EpilepsiaJournal Article
10 May 2025
An emerging approach in surgery is to propose prehabilitation programs to strengthen the patient's functional abilities before surgical interventions, thus helping them cope better with its consequences. In drug-resistant language-dominant temporal lobe epilepsy (LdTLE), surgical treatment carries a risk of increasing cognitive deficits, notably word-finding difficulties (anomia) and verbal memory difficulties that negatively impact personal, social, and occupational activities. In this study, we invited 15 LdTLE patients to enroll in a speech and language prehabilitation program adapted to the specifics of their difficulties, organized daily during the preoperative period.
Naming performance (for trained and untrained words) was studied twice before prehabilitation, during prehabilitation, and 1 week and 6 months after surgery. Results were analyzed using a generalized linear mixed effects model.

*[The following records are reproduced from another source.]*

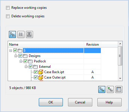 - In the Undo Check Out dialog box, specify if you want to replace the local file with the version currently stored in the vault and whether or not to delete the working copy of the file. Select Replace working copies to reset any changes that were made to the working copy of the file.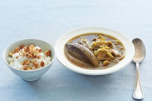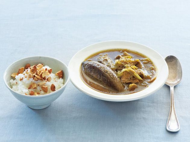 なすは最初に焼きつけて油を染み込ませれば、長時間煮込む必要がなくなる。ごはんにはカレーと相性がいいナッツ類を混ぜて。
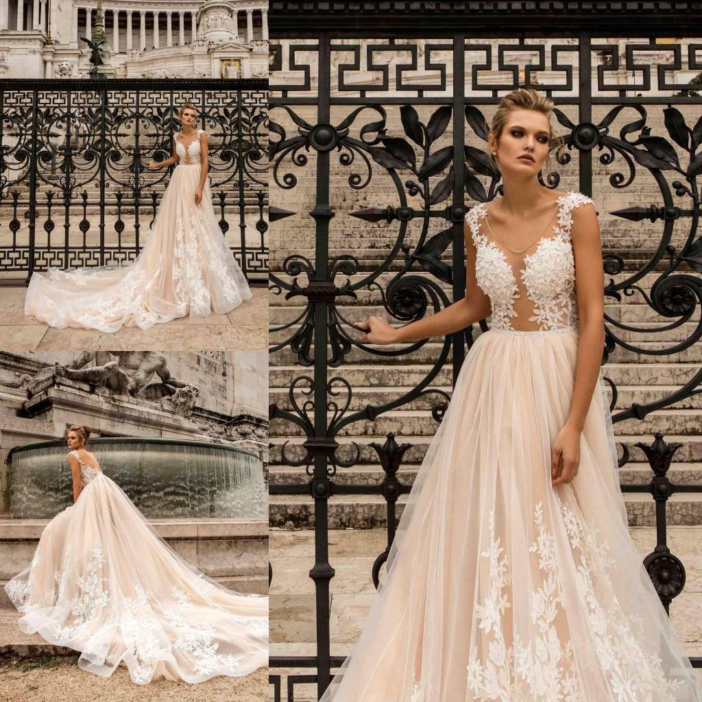Vintage Champagne 2019 Wedding Dresses Jewel Neck Lace Appliqued Sweep Train Beach Sexy Country Style Plus Size Wedding Dress Bridal Gowns - View Full Image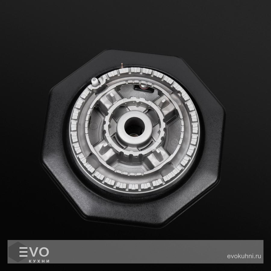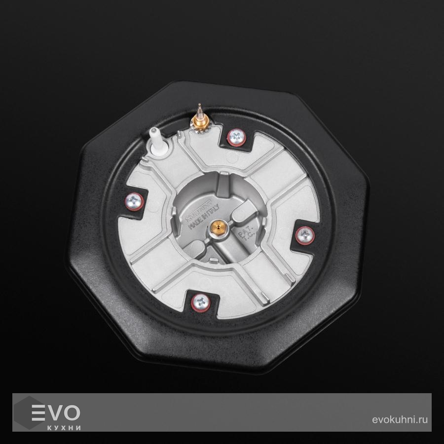 В данной модели установлены высококачественные итальянские горелки «Sabaf». Три стандартные конфорки мощностью 1000 Вт, 1700 Вт, 1700 Вт и одна мощная WOK-конфорка с двойным пламенем мощностью 3000 Вт.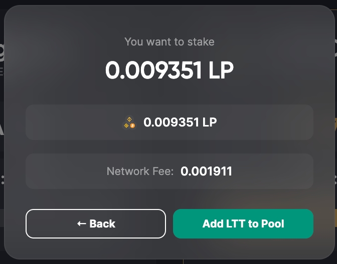 8. Click Add LTT to the Pool. Your wallet will ask you to confirm the action.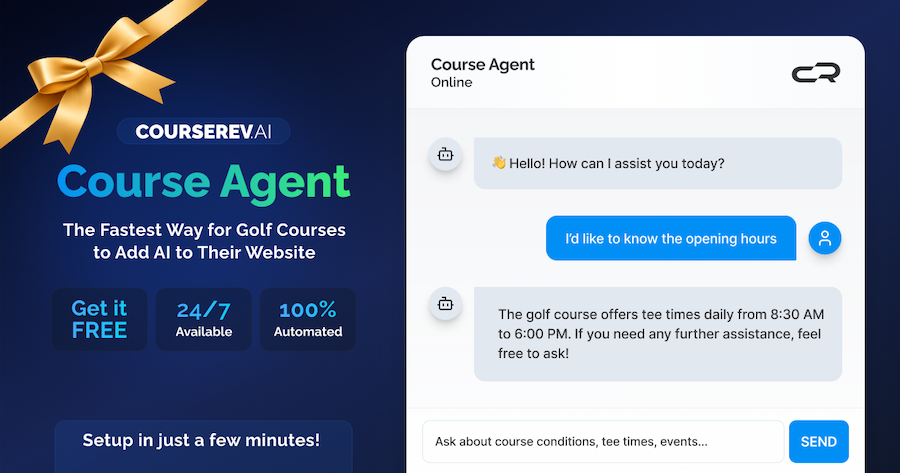 Charlotte, NC – Courserev.ai, a leader in AI solutions for the golf industry, today announced the launch of Course Agent, a simple, easy, instant-setup version of its popular AI Chat platform designed specifically for golf course websites.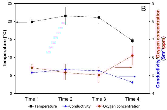 During summer and autumn periods (Times 1, 2, and 3), the oxygen concentration and temperature remained almost constant, around 5 mg L−1 and 21 °C, respectively. In the winter (Time 4), a decrease in temperature from 21 to about 15 °C was observed. As expected, this resulted in an increase in the concentration of oxygen to about 6 mg L−1. Conductivity (i.e., salinity) followed a similar temporal trend to temperature (Figure 4B).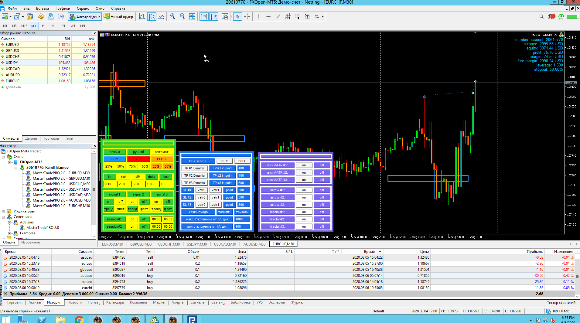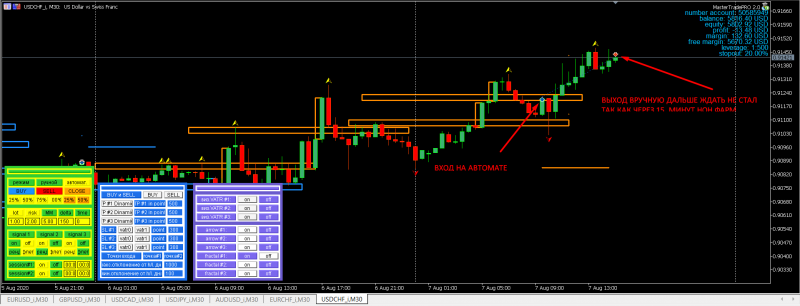 06 август 2020г  алерт по евро/франк на покупку: вошел вручную. Итог: прибыль +11,86$  Лот 0,2 вход- 1,08096  выход- 1,08150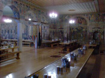 dus minder strikt dan in Dionisiou waar er een monnik stond voor te lezen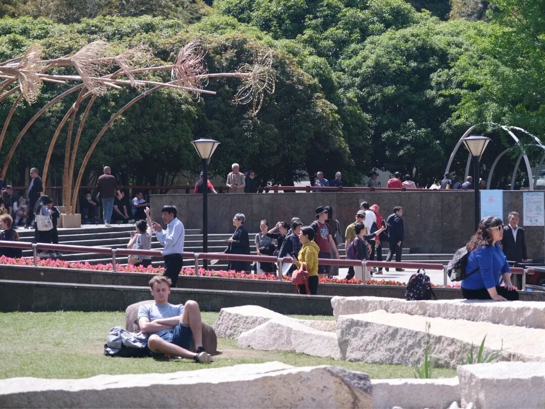 与石材的坚硬恒久形成对照的,是中心的花卉。春光下,这些花朵开得明亮坦然,甚至有些“任性”。它们提醒着每位游人:无论历史多么厚重,未来多么遥远,最值得珍视的,仍是此刻盛放的生命力。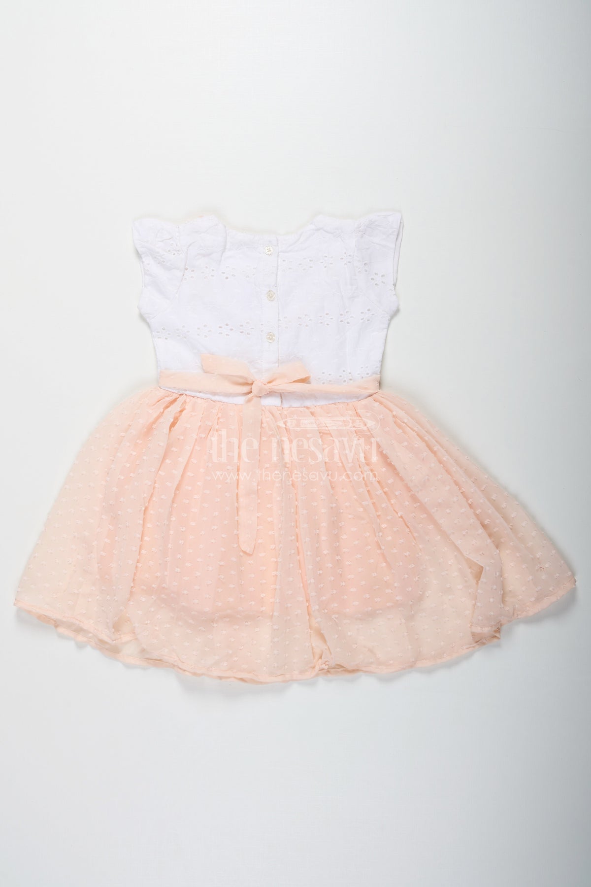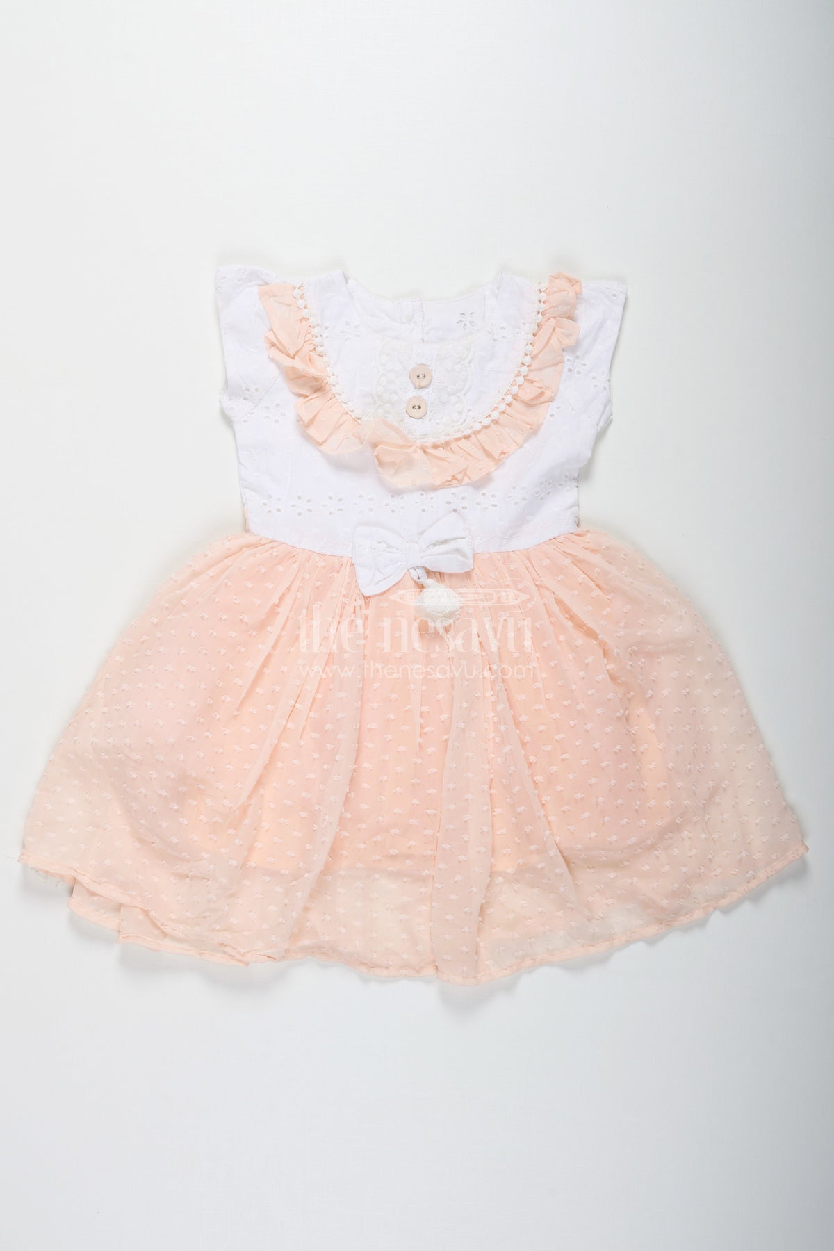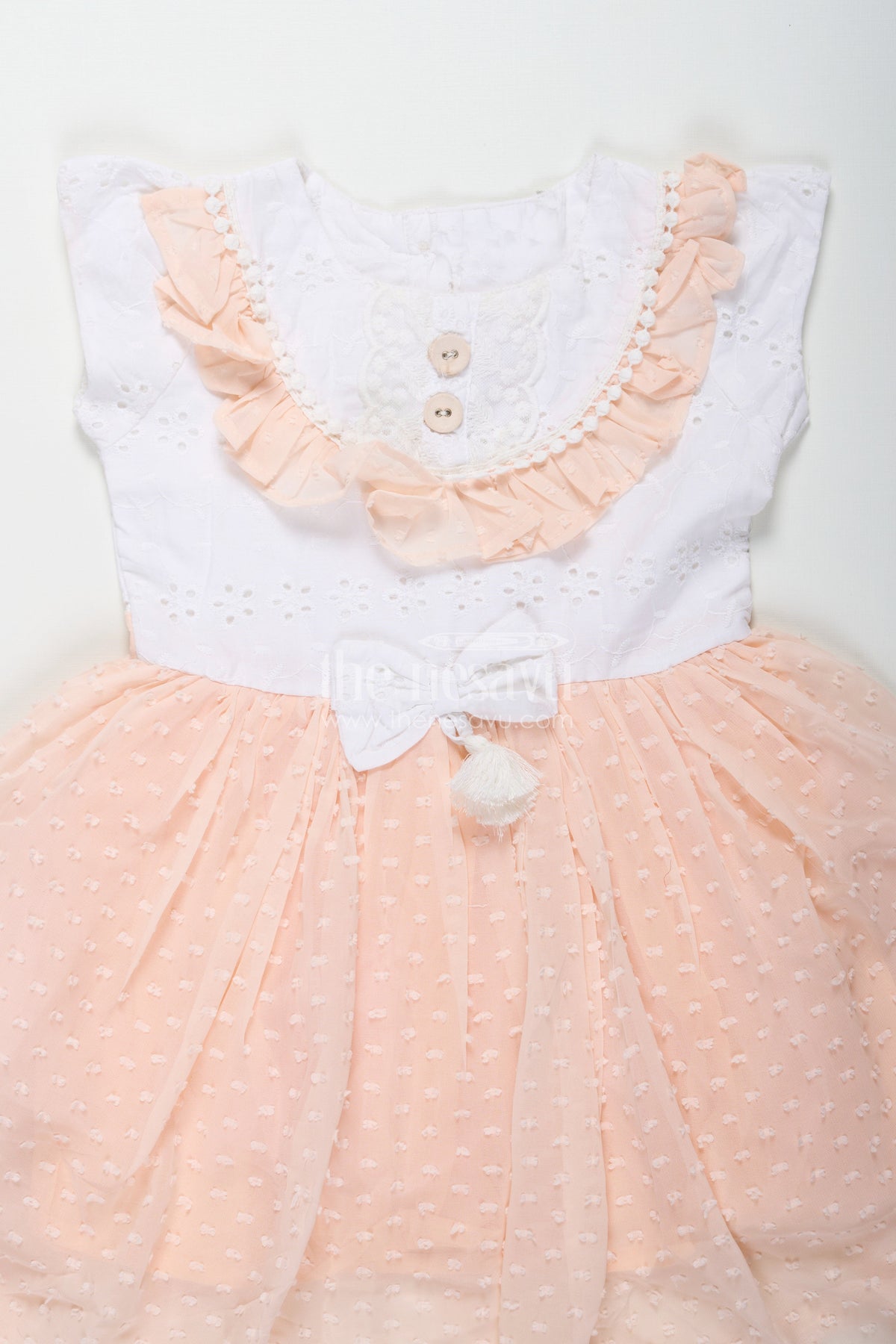 Frock suit for wedding is redefined in this peach-toned dress that combines elegance with softness for baby girls. The top features a white Hakoba lace-embroidered yoke adorned with delicate frills and buttons, while the bottom flares into a flowy georgette skirt with subtle polka detailing. A centered bow with tassels adds a sweet finishing touch. This dress is perfect for weddings, birthday parties, and formal events, offering both style and comfort. The lightweight fabric ensures ease of movement, making it ideal for active little ones who love to twirl.

We found a significant effect of prehabilitation on trained items before surgery. Postoperatively, trained items showed a slight and nonsignificant performance increase compared to baseline, whereas untrained items showed a significant decline in the same comparison.
We conclude that trained words were better protected from postsurgical decline than untrained words. Our research can contribute to patient support during surgical decision-making; ultimately, prehabilitation might be considered as part of individualized care. These encouraging results lay the groundwork for more detailed or powerful examinations of the protective effect of prehabilitation on language skills.